Workplace provides filtering options for items other than folders. You can use the folder filter options in the site preferences and the user preferences to limit the number of documents and custom objects that a client application like Workplace retrieves. The folder filter options limit how many documents and custom objects are retrieved per folder access, with a default value of 100 per object type. If a folder contains more items than is specified by the folder filter options, you can retrieve the remaining items by entering criteria in the browse page filter folder field. Doing so retrieves only those objects that match the criteria. Overhead from the initial retrieval operation can be reduced by applying folder filtering. For example, set the filter criteria so that only document names that were added by a specific user are returned.
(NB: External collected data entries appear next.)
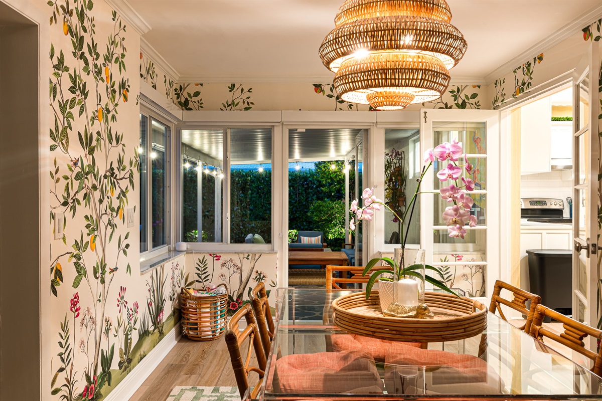 The modern kitchen includes stainless steel appliances, ample counter space, and essentials for meal prep. The adjacent dining area, styled with vibrant wallpaper and rattan lighting, seats six comfortably and opens to the pool deck for easy indoor-outdoor flow.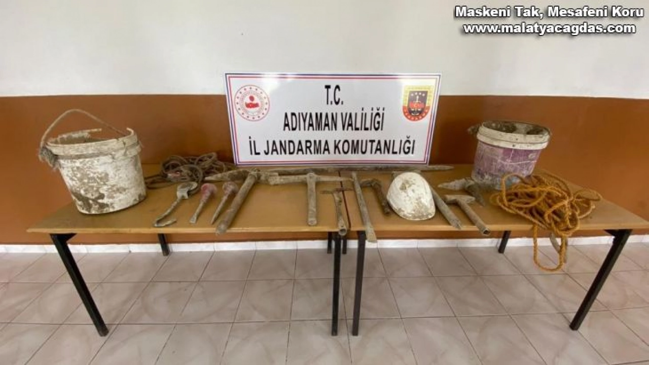 Edinilen bilgilere göre, Adıyaman’ın Tut ilçesine bağlı Yaylımlı Köyünde izinsiz kazı yapan şahısların ihbarını alan jandarma ekipleri kısa sürede harekete geçerek belirtilen bölgeye gitti. Burada kazı yapan M.A., ile A.A., isimli 2 şahsı yakalayarak gözaltına aldı. Jandarma ekipleri aynı zamanda kazı esnasında kullanılan 4 adet kazma, 2 adet demir murç, 1 adet çekiç, 1 adet manivela, 1 adet keser, 1 adet baret, 1 adet tahra, 1 adet kancalı makara, 4 adet kova, 5 metre tahta merdiven, 20 metre halatta ise el koydu.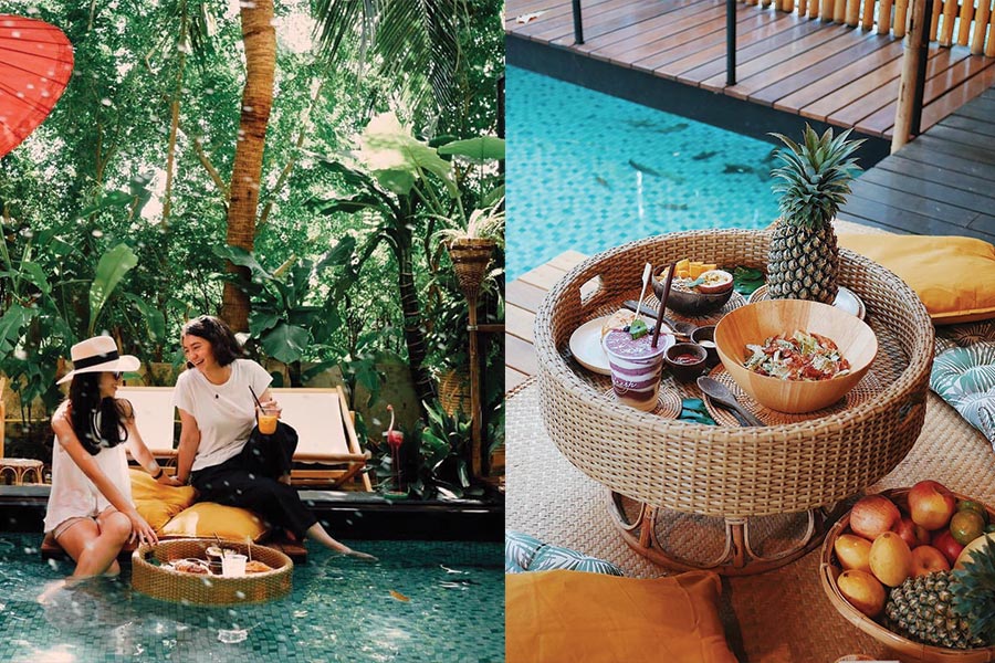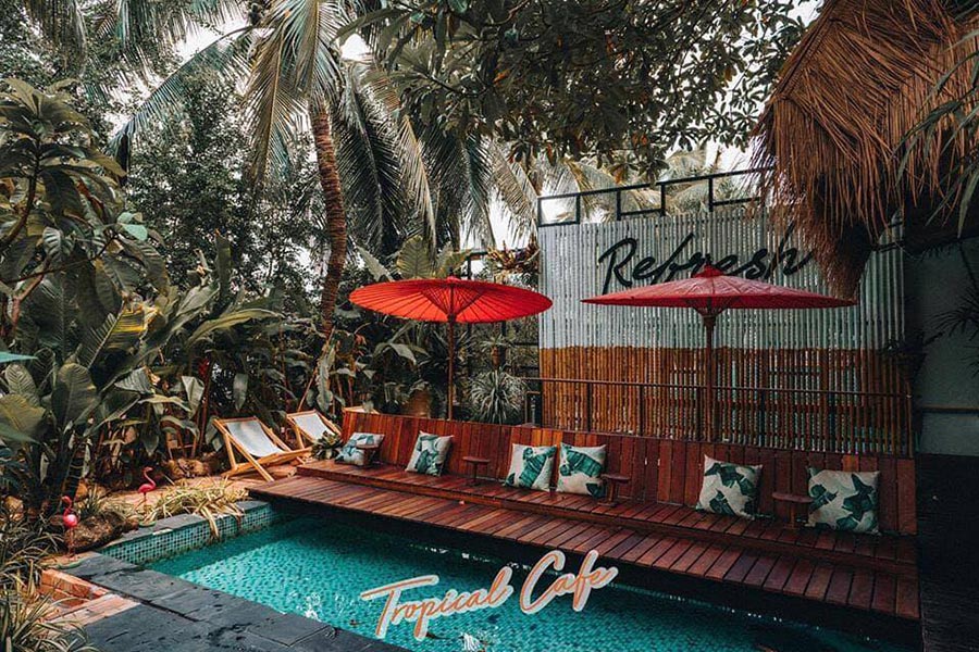 หลบร้อนมาชิลล์ที่ Refresh Tropical Cafe คาเฟ่สไตล์บาหลีตกแต่งด้วยเฟอร์นิเจอร์หวายและไม้ไผ่ พร้อมมุมสระว่ายน้ำเติมแต่งกลิ่นอายของความเป็นทรอปิคอลในป่าเขตร้อนชื้นสุดร่มรื่นเหมาะออกมานั่งจุ่มขาฟินๆ เสิร์ฟเมนูอร่อยอย่าง Mix Berries Bowl ที่มีเบสรสตรอว์เบอร์รี่ บลูเบอร์รี่ ราสป์เบอร์รี่ และกล้วยหอม, น้ำผลไม้สกัดเย็น, มะยงชิดลอยแก้ว, มะยงชิด BOWL และอีกหลากเมนูที่บอกเลยว่าสายสุขภาพไม่ควรพลาด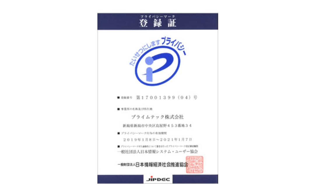 弊社は、第三者機関による厳重な個人情報管理体制審査に合格し、個人情報保護規定のプライバシーマークを取得しております。社内セキュリティだけではなく、徹底した個人情報を管理し、お客様の安心の企業を目指してまいります。個人情報保護については、個人情報保護方針、各種マニュアル及び要領に準じた運用を遵守しています。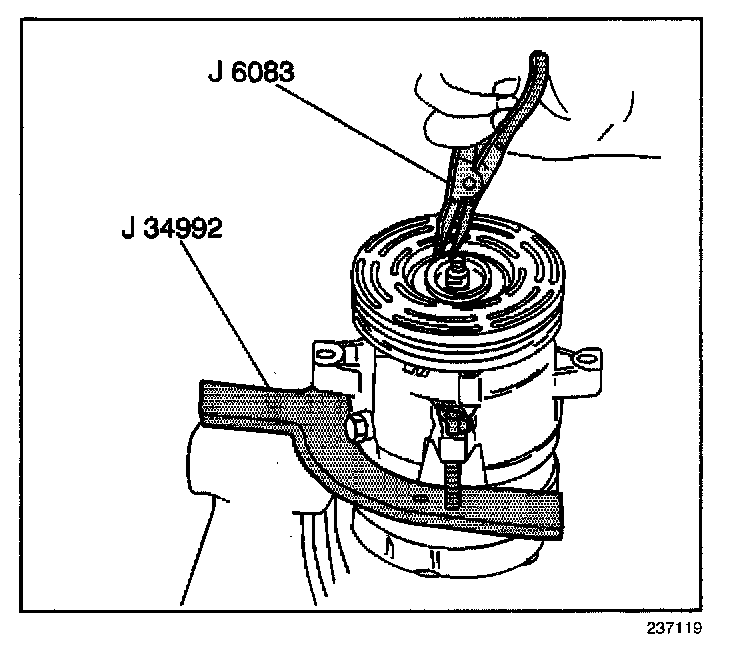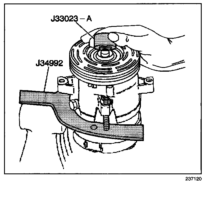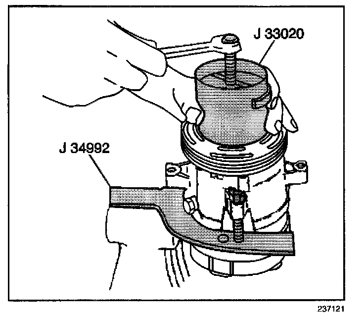 8. Install the J 33023-A on the front head of the compressor.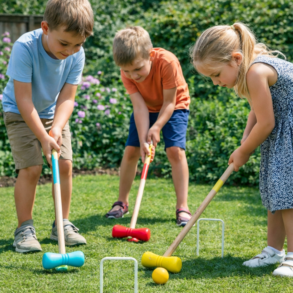 Jeu d’extérieur incontournable ! Ce set de croquet 4 joueurs est idéal pour s’amuser en plein air en famille ou entre amis.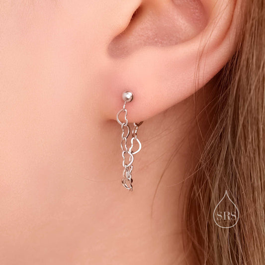 Heart Chain Stud Earrings in Sterling Silver, Silver or Gold, Tiny Ear Jacket, Dainty Jewellery
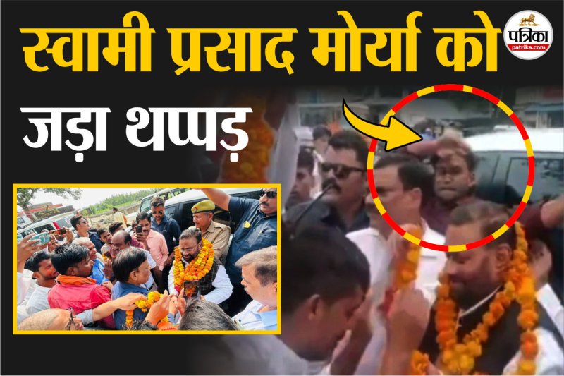 स्वामी प्रसाद मौर्य को जड़ा थप्पड़। फोटो सोर्स- पत्रिका न्यूज

To minimize the affects on performance, consider the following items:
Document name that is difficult to filter | Document name that is easy to filter |
---|---|
Loan_Origination_Application_John_D_Doe | John_D_Doe_application |
Loan_Origination_Application_John_Q_Public | John_Q_Public_application |
Loan_Terms_Complete_John D_Doe | John_D_Doe_Loan_Terms_Complete |
An index skew is an uneven distribution of values in an index. For example, if 1,000,000 documents are filed in the system, and half of those documents are filed in one folder, half of the rows in the index will have the same tail_id value.
When an index skew occurs, the database might not use the index, and instead might perform a full table scan because the logic behind the database optimizer is that if too many values are the same, it takes more time to scan the index and then lookup the rows than just reading the rows in the table. The database optimizer has this logic because it is not passed the values of the search, which is the case in Content Platform Engine that uses bound parameters.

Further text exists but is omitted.